Gru est un méchant dans la tradition des vilains de James Bond, du style de Goldfinger, précise l’Américain Chris Renaud, l’un des deux réalisateurs de Moi, moche et méchant. Là, on raconte sa vie de tous les jours. On voit toujours les méchants dans leur repaire, mais on ne sait jamais comment ils sont au quotidien face à leurs voisins, leur maman, des enfants. Comment ils réagissent quand ils doivent attendre dans une file d’attente pour une tasse de café. Gru a les mêmes problèmes que nous mais il ne fait pas comme nous parce qu’il a un rayon paralysant, un énorme SUV de l’enfer qui pousse toutes les autres voitures hors de son chemin, des armes, un antre souterrain... Il a et fait ce que beaucoup rêvent de faire. » Gru (de l’anglais “gruesome” qui signifie horrible) a la voix de Steve Carell (et celle de Gad Elmaleh en français). Il vit dans la seule maison noire et lugubre d’un quartier résidentiel coloré et fleuri. Comme tout méchant qui se respecte, il est épaulé par un savant fou, le docteur Nefario, 150 ans et dur de la feuille. Il a aussi une armée de minions, des petites bestioles jaunes et bagarreuses, au rire bête, et qui paniquent au moindre bruit. Les minions testent les équipements et les armes inventés par le savant fou susnommé. Gru a aussi une maman qu’il cherche à épater depuis son enfance mais qui lui mène la vie dure car elle n’est jamais satisfaite de ses méfaits. Elle ne le sera pas non plus du prochain mauvais coup qu’il prépare : voler la Lune. Rien que ça. Il a aussi un rival, Vector, vilain de son état. Il n’a pas l’air dangereux de prime abord, il aurait même plutôt une tête de gaffeur, mais plus l’intrigue avance et plus il devient redoutable. Gru et Vector se sont rencontrés à la Banque du mal. Cette banque finance tous les plans maléfiques des méchants. Gru était venu demander un prêt pour son projet. Quand il découvre que Vector possède le rayon rapetissant dont il a besoin pour ledit projet, il va tout faire pour s’en emparer. Mais la forteresse de Vector est impénétrable. La seule solution de Gru est d’adopter trois orphelines, qui vendent des cookies en faisant du porte-à-porte, et deles utiliser comme cheval de Troie. A sa grande surprise, Gru va s’attacher aux jeunes Margo, Edith et Agnes.

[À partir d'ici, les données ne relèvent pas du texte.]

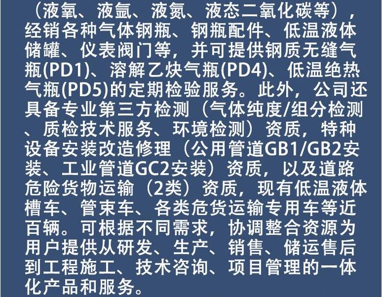 许可项目,危险化学品经营,危险化学品仓储,移动式压力容器\/气瓶充装,特种设备检验检测,道路危险货物运输,食品添加剂生产一般项目,特种设备出租,特种设备销售,租赁服务,食品添加剂销售,基础化学原料制造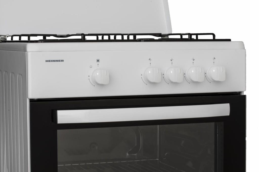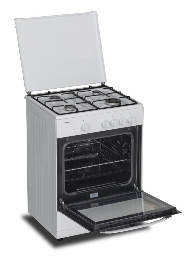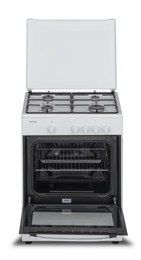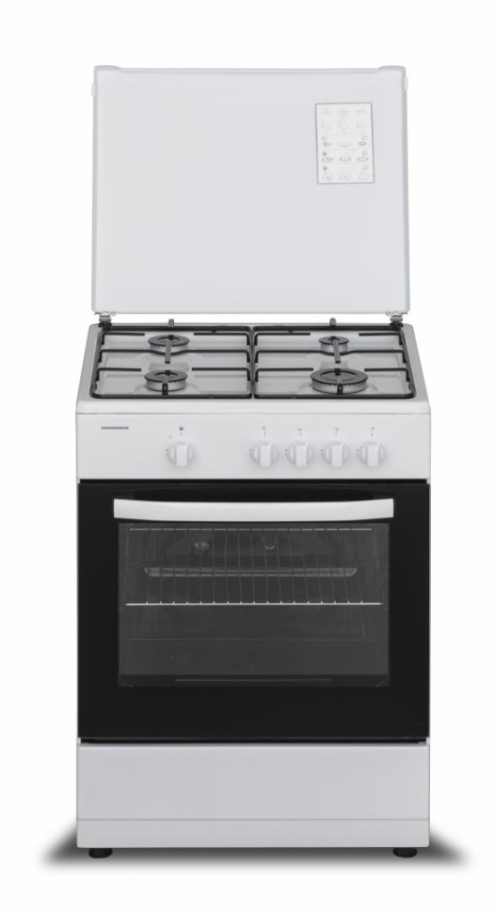HEINNER GAS STOVE HFSC-SME60WH, 60x55CM, 4 BURNERS, ENAMEL SUPPORT, METALLIC LID, HOB AND OVEN SAFETY DEVICE, OVEN DOOR WITH DOUBLE GLASS, LPG NOZZLES INCLUDED, CHROME TRAY AND GRILL, COLOR: WHITE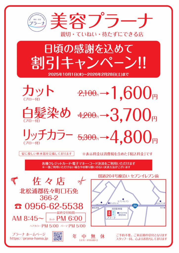 対象店舗: 美容 佐々 限定!!カット 500円割引!!カラー 500円割引!!(白髪染め、リッチカラー)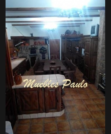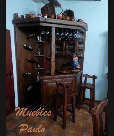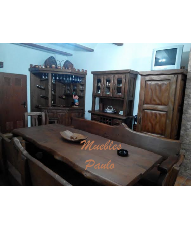 - Mueble bar modelo TMB0005, de estilo rústico hecho a medida, en madera maciza de castaño en acabado envejecido, con las banquetas a juego integrada en una cocina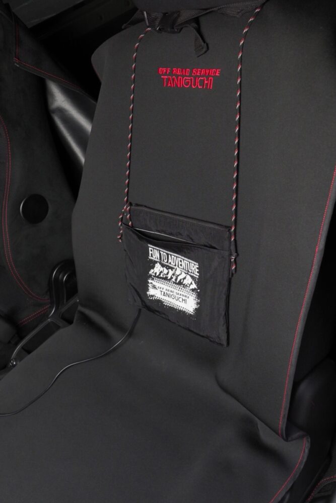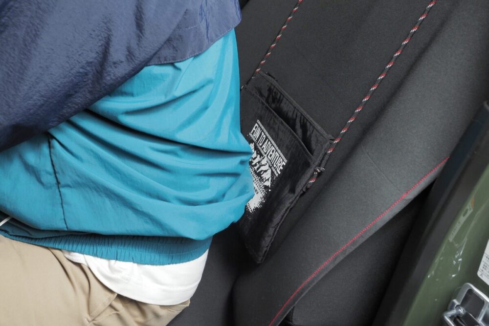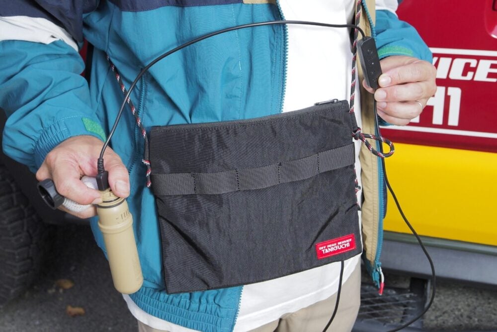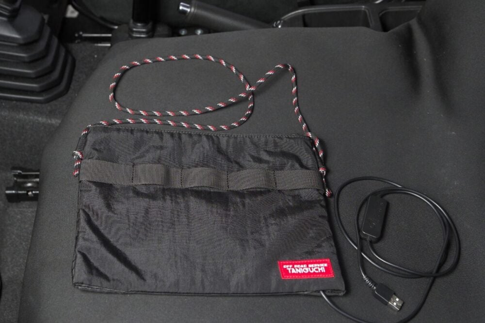 ちょっとした荷物を入れる定番アイテム、サコッシュにもタニグチ流の工夫が光る。超薄型ヒートパッドを内蔵し、モバイルバッテリーを接続すれば発熱してしっかり暖かい。さらに車内ではUSB接続してシートヒーターとして使用可能だ。現行ジムニーの純正シートヒーターは座面のみを温める構造だが、このサコッシュなら腰もポカポカ。ロングドライブ時の快適性が格段に向上する。

« Gru nous a donné beaucoup de soucis, révèle le Français Pierre Coffin, le second réalisateur du film. On a longuement débattu, et on en débat encore, pour qu’il soit méchant mais pas trop. On a commencé avec un personnage plus mauvais que ça et, au fur et à mesure, il est devenu plus grognon et infréquentable que réellement méchant. Ses seuls actes de méchanceté sont plus dans la vie quotidienne, comme de bousculer une grand-mère dans la rue. Il ne veut pas détruire la Terre. Quand il essaie d’être franchement méchant, il n’y arrive pas avec la classe qu’on attend d’un vrai vilain. » « C’est un perdant et il endure en plus les misères de Vector, poursuit Chris Renaud. On avait besoin de cet équilibre. Si on ne le montrait que méchant, on aurait eu des problèmes d’un point de vue marketing comme d’un point de vue attrait du personnage pour les spectateurs. On veut préserver cet aspect du vilain parce que c’est un concept intéressant. Au départ, il était l’affreux n° 1, froid et cruel, mais on avait l’impression de ne pas aller bien loin avec lui. En le transformant en perdant, en lui retirant un peu de sa méchanceté, on l’a rendu attachant. On lui a aussi ajouté une écharpe qui illumine un peu sa personnalité. On lui a donné un costume reconnaissable pour qu’il se détache du paysage. » « Ce n’était pas très aisé de créer un méchant sympathique, reprend Pierre Coffin. Après des essais de design, beaucoup de recherches graphiques et de manipulations 3D, on est arrivé à ce Gru-là." Pour être sûr que c’était le bon personnage, Pierre Coffin et Chris Renaud ont fait quelques tests d’animation faciale pour voir s’il pouvait être sympathique et vivant tout en étant suffisamment expressif. Ils ont d’ailleurs fait ça sur presque tous les personnages principaux. "On voulait se rassurer, être certains qu’on pouvait croire en eux, continue Pierre Coffin. On veut que les spectateurs oublient très vite la technique de la 3D pour s’intéresser aux personnages et à l’histoire. Tout est ainsi centré sur la personnalité. La fameuse “characterization” qui dit qu’un personnage n’existe pas s’il n’a pas d’âme. »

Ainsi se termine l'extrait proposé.